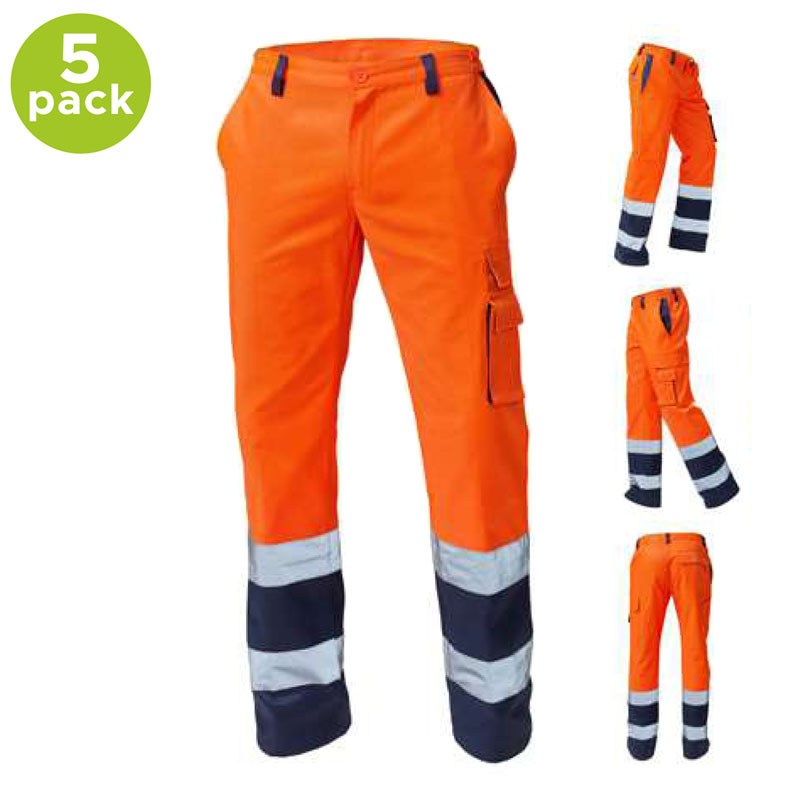 Pantaloni alta visibilità professionali da lavoro in confezione da 5 pezzi.
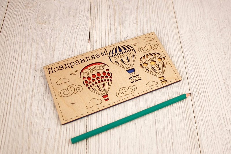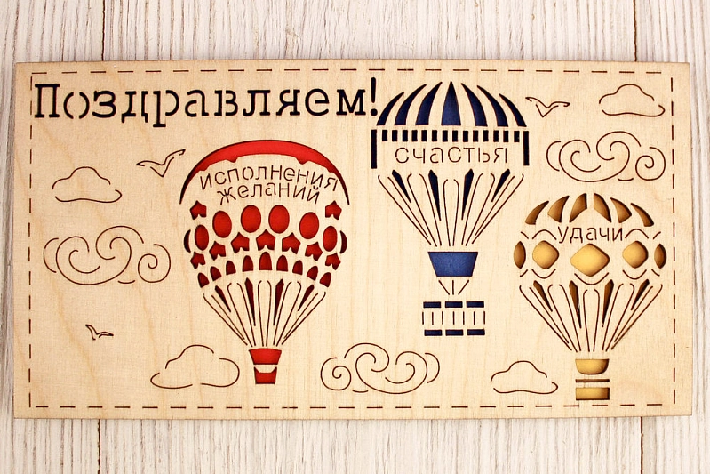 Подарочный конверт "Поздравляем!" с шарами (9,2*17,5) Фанера 3мм, картон, оформл., Синий, 1 шт.
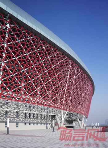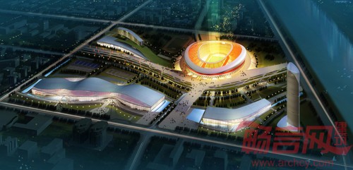 山西体育中心占地1238亩,总投资为16亿元,包括60000座的主体育场、8000座的主体育馆、3000座的游泳跳水馆、1500座的自行车馆和综合训练馆等。主体育场在东北方,朝向城市中心。体育场西侧为自行车馆、游泳跳水馆,东南侧为综合训练馆,分别以流畅的曲线为基本造型,列于体育场两侧。为与主题相呼应,体育场西北侧的运动员训练馆和公寓以及通往体育场二层的坡道也是曲线造型。在场地东南角预留了国际体育交流中心和商业用房的规划用地,使其与主场馆区既能联系又相对独立,有利于人流的迅速疏散。
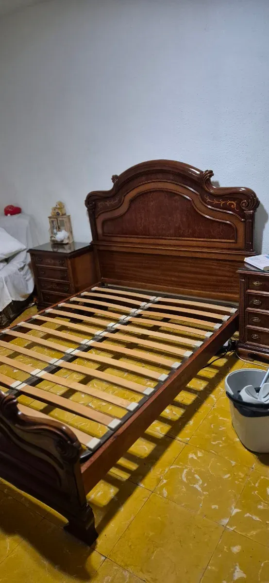 Camera in legno: letto, comodini e cassettiera
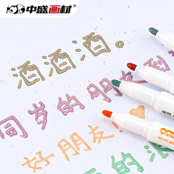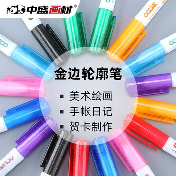 中盛画材(transon)8色双线轮廓笔金属标记笔闪光啫喱笔手帐彩绘专用金线笔加粗双色美术写生
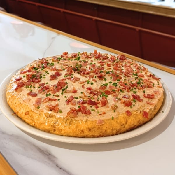 El producto estrella de Cafetería Rua es su tortilla de patatas, reconocida por su textura jugosa y el equilibrio perfecto entre patata y cebolla caramelizada. Cada porción refleja un proceso cuidadoso, con trocitos pequeños de patata integrados en huevo batido, que, junto a un sutil sofrito de cebolla, ofrece un sabor auténtico y casero. Una delicia que se puede disfrutar sola, acompañada de pan recién hecho, o integrada en propuestas como el vegetal de tortilla francesa, jamón y queso.
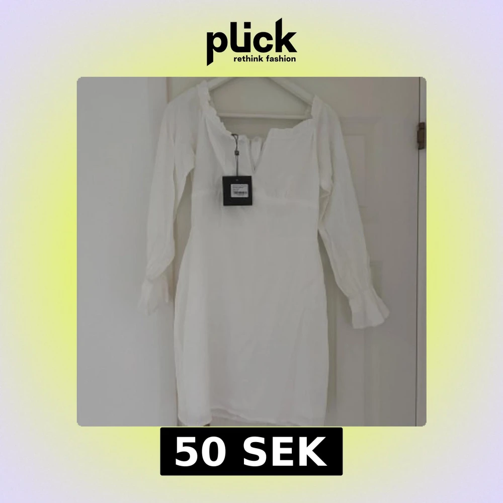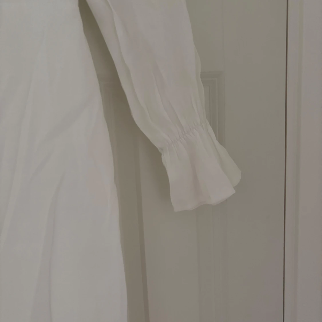 Säljer en vit kort klänning med långa ärmar och volangdetalj vid ärmslut. Klänningen har en lätt rynkad kant vid halsen och en liten öppning framtill. Perfekt för dig som gillar en clean och fräsch look med romantiska detaljer.
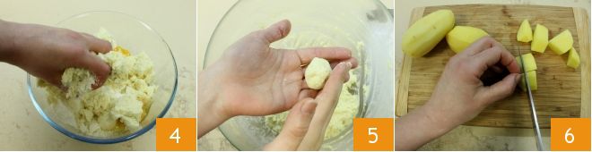 Sal a gosto e amasse com as mãos 4. Se a massa estiver muito mole, adicione 30 g de farinha de rosca. Molhe levemente as mãos para não grudar a mistura e forme 20 almôndegas de cerca de 20 g cada 5 e reserve. Continue o preparo começando pelo creme de batatas: descasque as batatas e corte em pedaços 6
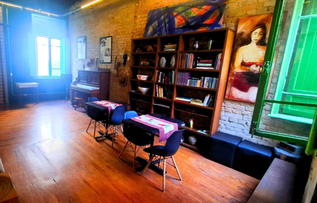 Construído em 1905, o imóvel, que já funcionou como pensão, armazém e conjunto de salas comerciais ao longo do século XX, ficou por anos subutilizado, acompanhando a decadência gradual do centro. A família, proprietária do casarão desde 1970, observou sua deterioração e decidiu intervir antes que o patrimônio se perdesse. O objetivo era claro: recuperar a autenticidade da construção e devolver o edifício ao convívio cultural da cidade. E renasceu como um espaço pulsante de cultura após um processo de restauro conduzido com rigor técnico, respeito à sua materialidade original e sensibilidade ao modo de vida contemporâneo.
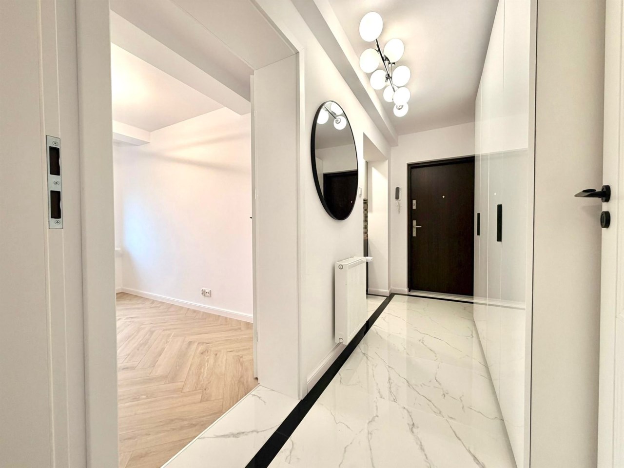 Wnętrze zostało zaprojektowane w nowoczesnym, minimalistycznym stylu z eleganckimi akcentami. Jasna kolorystyka optycznie powiększa przestrzeń, a wysokiej jakości materiały wykończeniowe podkreślają klasę nieruchomości. Zabudowa kuchenna wykonana na wymiar, połyskujące fronty, drewniany blat oraz starannie dobrane detale tworzą efekt premium. To mieszkanie, które realnie wyróżnia się standardem na tle konkurencji.
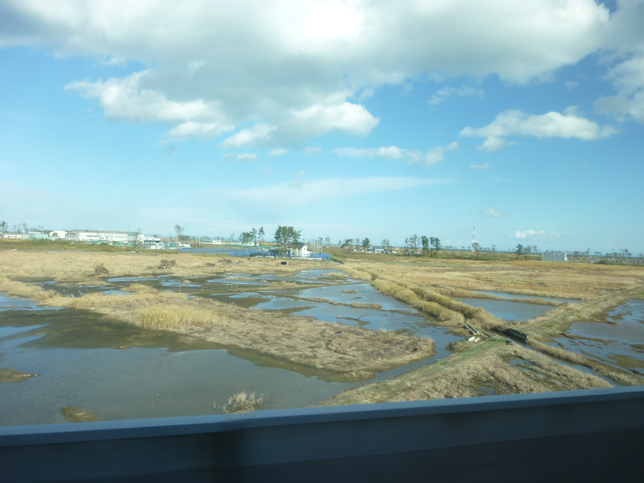 それにしても、仙台駅から仙台空港へのアクセス線に乗車して名取市を通り過ぎたところから、風景が一変した。瓦礫は撤去されているものの地盤が沈下して、水たまりの平地が広がっていた。
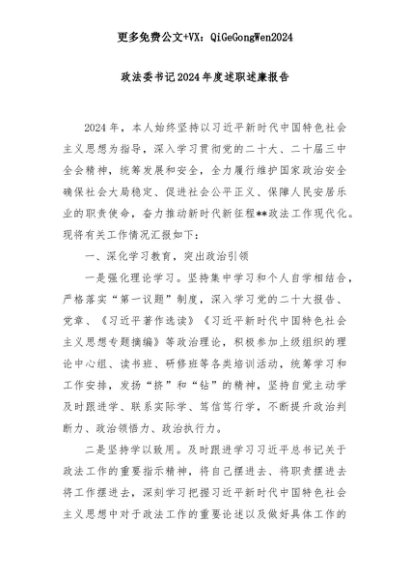 【七哥公文】2025年:政法委书记2024年度述职述廉报告+更多免费公文+VX:QiGeGongWen2024+更多免费公文+VX:QiGeGongWen2024
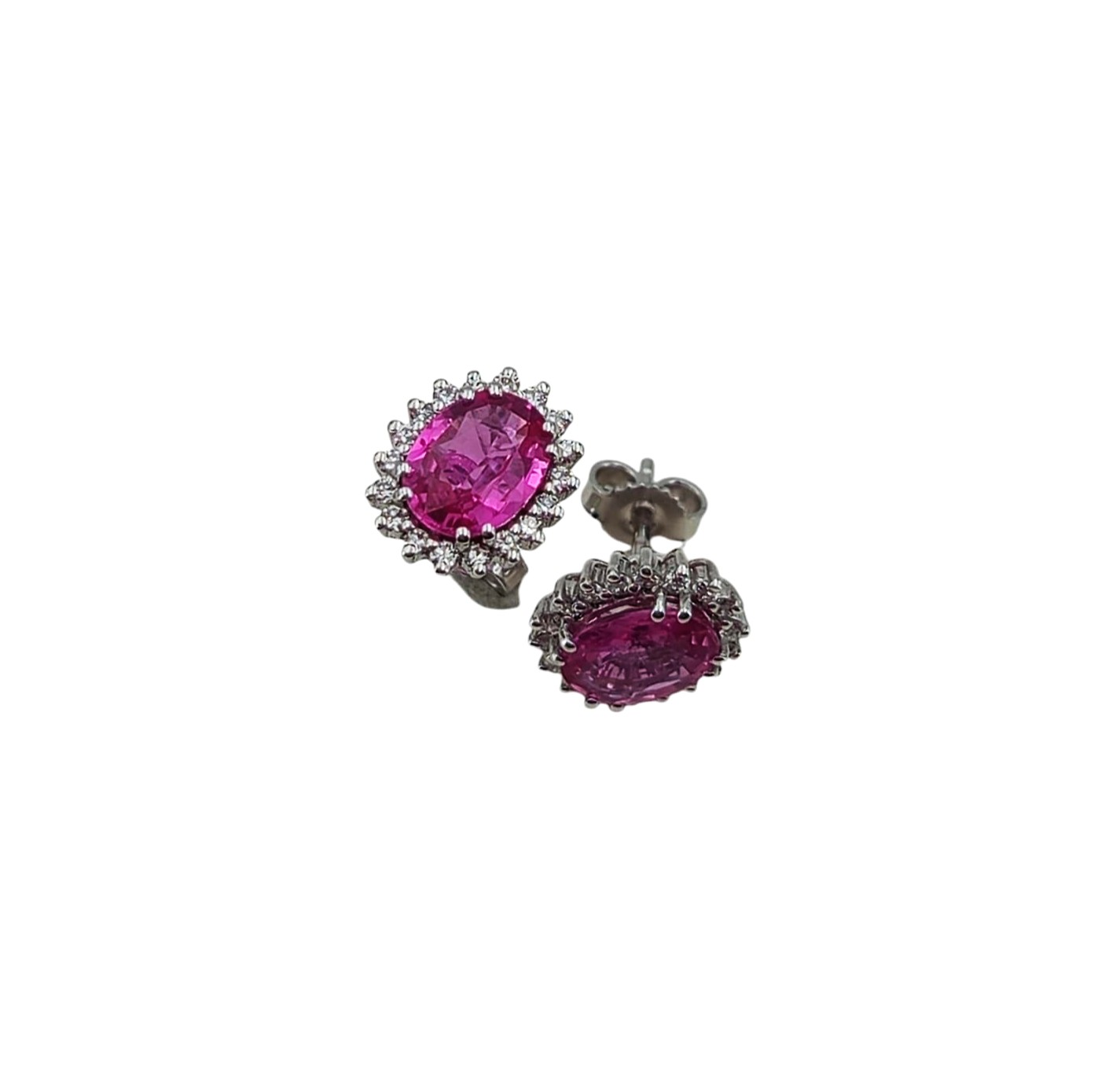 Gli orecchini Zaffiri Rosa Ovali con contorno diamanti sono corredati di nostra certificazione gemmologica
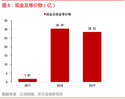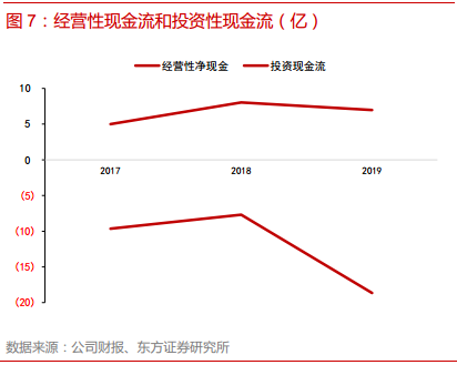 现金方面,截至2019年12月31日,公司的现金及现金等价物+结构性存款+限制性银行结余共计28.5亿元,较18年小幅下降6.1%,是公司加大外延投资的正常结果。公司2019年经营活动净现金流量为6.97亿元,投资活动净现金流量为-18.65亿,较2018年的-7.69亿大幅增加,同时利用部分上市资金偿还银行贷款,因此筹资现金流表现为净流出。

Task instructions:
Could you write out exactly the lines of the data above that run from the one holding "Säljer en vit" to the one holding "Sal a gosto", with both ends in and all pictures out?

Output of the task:
 Säljer en vit kort klänning med långa ärmar och volangdetalj vid ärmslut. Klänningen har en lätt rynkad kant vid halsen och en liten öppning framtill. Perfekt för dig som gillar en clean och fräsch look med romantiska detaljer.
 Sal a gosto e amasse com as mãos 4. Se a massa estiver muito mole, adicione 30 g de farinha de rosca. Molhe levemente as mãos para não grudar a mistura e forme 20 almôndegas de cerca de 20 g cada 5 e reserve. Continue o preparo começando pelo creme de batatas: descasque as batatas e corte em pedaços 6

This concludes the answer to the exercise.